* **Required work**: Set down the line containing "Набор пеленок Крошка" and each line after it through the last line of the records, exactly, leaving pictures out.

━━━━━ Dataset content

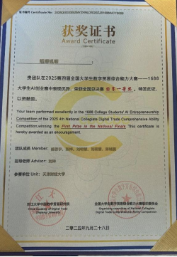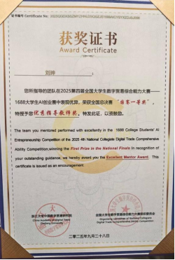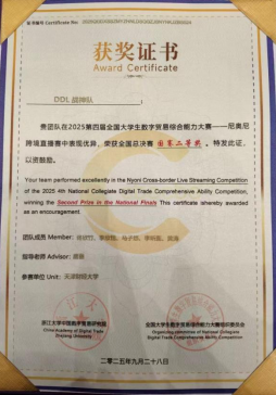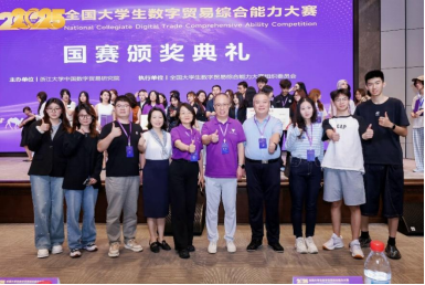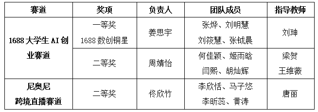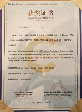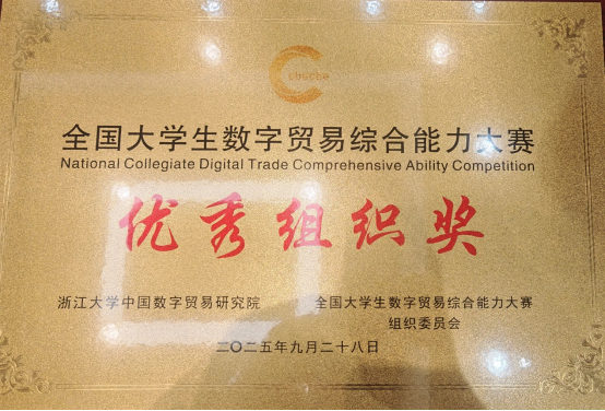 全国大学生数字贸易综合能力大赛由浙江大学中国数字贸易研究院主办,已连续成功举办四届,累计吸引1213所高校、60000余名师生参与。本届大赛中1688大学生AI创业赛道共有240所院校的1198支团队参赛,姜思宇5名同学组成的“呱唧呱唧”队获该赛道一等奖1688数创铜星;由周婧怡5名同学组成的TradeFlux获该赛道等奖。尼奥尼跨境直播赛道共有177所院校的661支团队参赛,佟欣竹5名同学组成的DDL战神获该赛道二等奖。经济赏金猎人App 教师刘珅获优秀指导师奖。
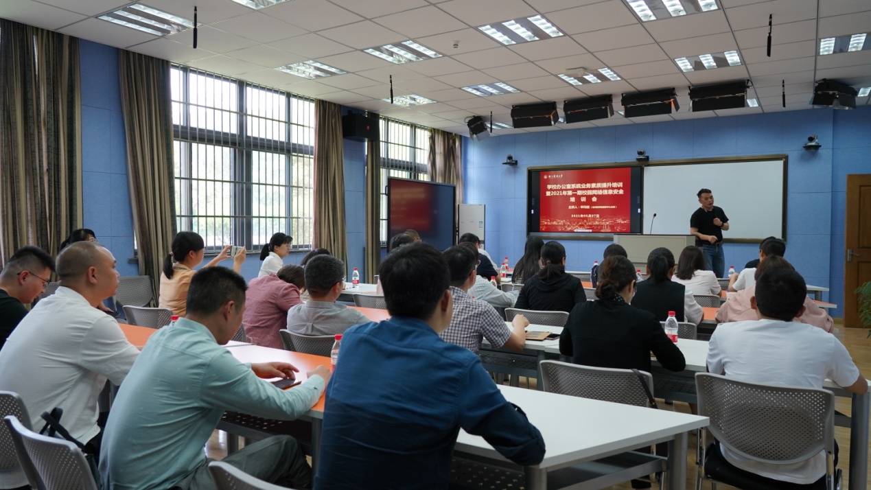 为贯彻落实省教育厅网络信息安全工作要求,进一步强化学校办公室系统及校园网络信息安全管理能力,切实提升学校办公室“精细化”工作水平,5月7日,校办和信息中心开展了办公室业务素质提升培训暨2021年第一期校园网络信息安全培训会。各学院(部)、部门的信息系统管理员及二级网站管理员参加培训会。
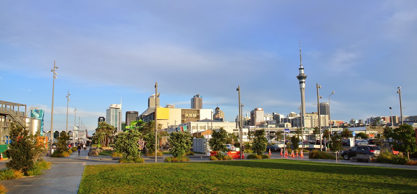 Soarele se uită înapoi de după nori, lumina serii scaldă orașul.
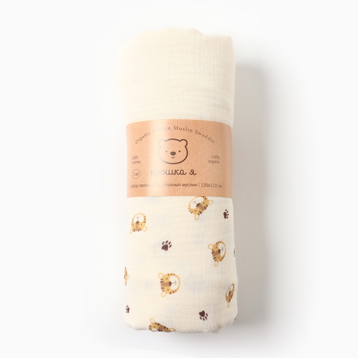 Набор пеленок Крошка Я Tiger 130х110см - 2 шт, муслин, 100% хлопок
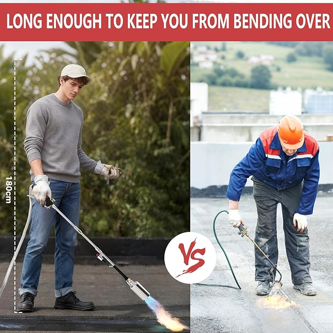- 【Wider Application】Multi-Purpose Propane Torch: More Than Just a Weed Burner for burning thorns, weeds and stumps, melting snow and ice,removing parking lot markings and paint, starting a camfire, searing meat or fish, soldering, do wood grain burning, thawing frozen pipes and equipment, melting tar and asphalt, repairing roof and various woodworking projects, removing paint from non-flammable surfaces and more.
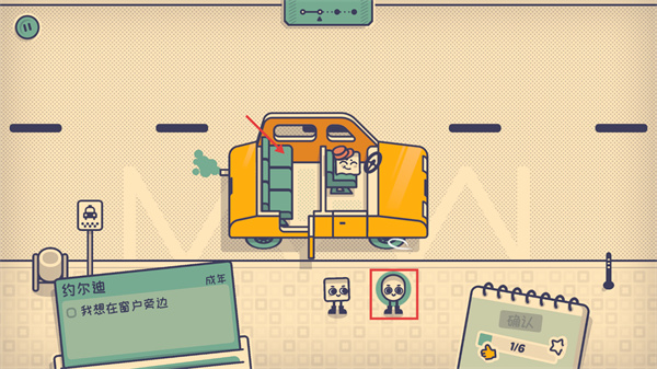 2、处理【约尔迪】的需求时,将其对应角色移至红色箭头指向的座位,匹配“想在窗户旁边”的偏好。
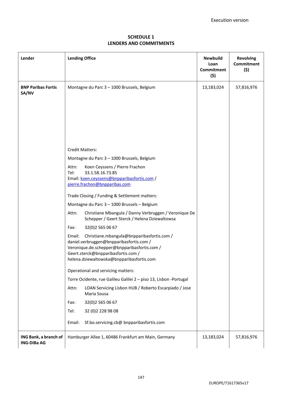 Execution version 147 EUROPE/71617365v17 SCHEDULE 1 LENDERS AND COMMITMENTS Lender Lending Office Newbuild Loan Commitment ($) Revolving Commitment ($) BNP Paribas Fortis SA/NV Montagne du Parc 3 – 1000 Brussels, Belgium 13,183,024 57,816,976 Credit Matters: Montagne du Parc 3 – 1000 Brussels, Belgium Attn: Koen Ceyssens / Pierre Frachon Tel: 33.1.58.16.73.85 Email: koen.ceyssens@bnpparibasfortis.com / pierre.frachon@bnpparibas.com Trade Closing / Funding & Settlement matters: Montagne du Parc 3 – 1000 Brussels – Belgium Attn: Christiane Mbangula / Danny Verbruggen / Veronique De Schepper / Geert Sterck / Helena Dziewaltowsa Fax: 32(0)2 565 06 67 Email: Christiane.mbangula@bnpparibasfortis.com / daniel.verbruggen@bnpparibasfortis.com / Veronique.de.schepper@bnpparibasfortis.com / Geert.sterck@bnpparibasfortis.com / helena.dziewaltowska@bnpparibasfortis.com Operational and servicing matters: Torre Ocidente, rue Galileu Galilei 2 – piso 13, Lisbon -Portugal Attn: LOAN Servicing Lisbon HUB / Roberto Escarpiado / Jose Maria Sousa Fax: 32(0)2 565 06 67 Tel: 32 (0)2 228 98 08 Email: Sf.bo.servicing.cb@ bnpparibasfortis.com ING Bank, a branch of ING-DiBa AG Hamburger Allee 1, 60486 Frankfurt am Main, Germany 13,183,024 57,816,976

━━━━━━━━━━

* **Expected output**:
 Набор пеленок Крошка Я Tiger 130х110см - 2 шт, муслин, 100% хлопок
- 【Wider Application】Multi-Purpose Propane Torch: More Than Just a Weed Burner for burning thorns, weeds and stumps, melting snow and ice,removing parking lot markings and paint, starting a camfire, searing meat or fish, soldering, do wood grain burning, thawing frozen pipes and equipment, melting tar and asphalt, repairing roof and various woodworking projects, removing paint from non-flammable surfaces and more.
 2、处理【约尔迪】的需求时,将其对应角色移至红色箭头指向的座位,匹配“想在窗户旁边”的偏好。
 Execution version 147 EUROPE/71617365v17 SCHEDULE 1 LENDERS AND COMMITMENTS Lender Lending Office Newbuild Loan Commitment ($) Revolving Commitment ($) BNP Paribas Fortis SA/NV Montagne du Parc 3 – 1000 Brussels, Belgium 13,183,024 57,816,976 Credit Matters: Montagne du Parc 3 – 1000 Brussels, Belgium Attn: Koen Ceyssens / Pierre Frachon Tel: 33.1.58.16.73.85 Email: koen.ceyssens@bnpparibasfortis.com / pierre.frachon@bnpparibas.com Trade Closing / Funding & Settlement matters: Montagne du Parc 3 – 1000 Brussels – Belgium Attn: Christiane Mbangula / Danny Verbruggen / Veronique De Schepper / Geert Sterck / Helena Dziewaltowsa Fax: 32(0)2 565 06 67 Email: Christiane.mbangula@bnpparibasfortis.com / daniel.verbruggen@bnpparibasfortis.com / Veronique.de.schepper@bnpparibasfortis.com / Geert.sterck@bnpparibasfortis.com / helena.dziewaltowska@bnpparibasfortis.com Operational and servicing matters: Torre Ocidente, rue Galileu Galilei 2 – piso 13, Lisbon -Portugal Attn: LOAN Servicing Lisbon HUB / Roberto Escarpiado / Jose Maria Sousa Fax: 32(0)2 565 06 67 Tel: 32 (0)2 228 98 08 Email: Sf.bo.servicing.cb@ bnpparibasfortis.com ING Bank, a branch of ING-DiBa AG Hamburger Allee 1, 60486 Frankfurt am Main, Germany 13,183,024 57,816,976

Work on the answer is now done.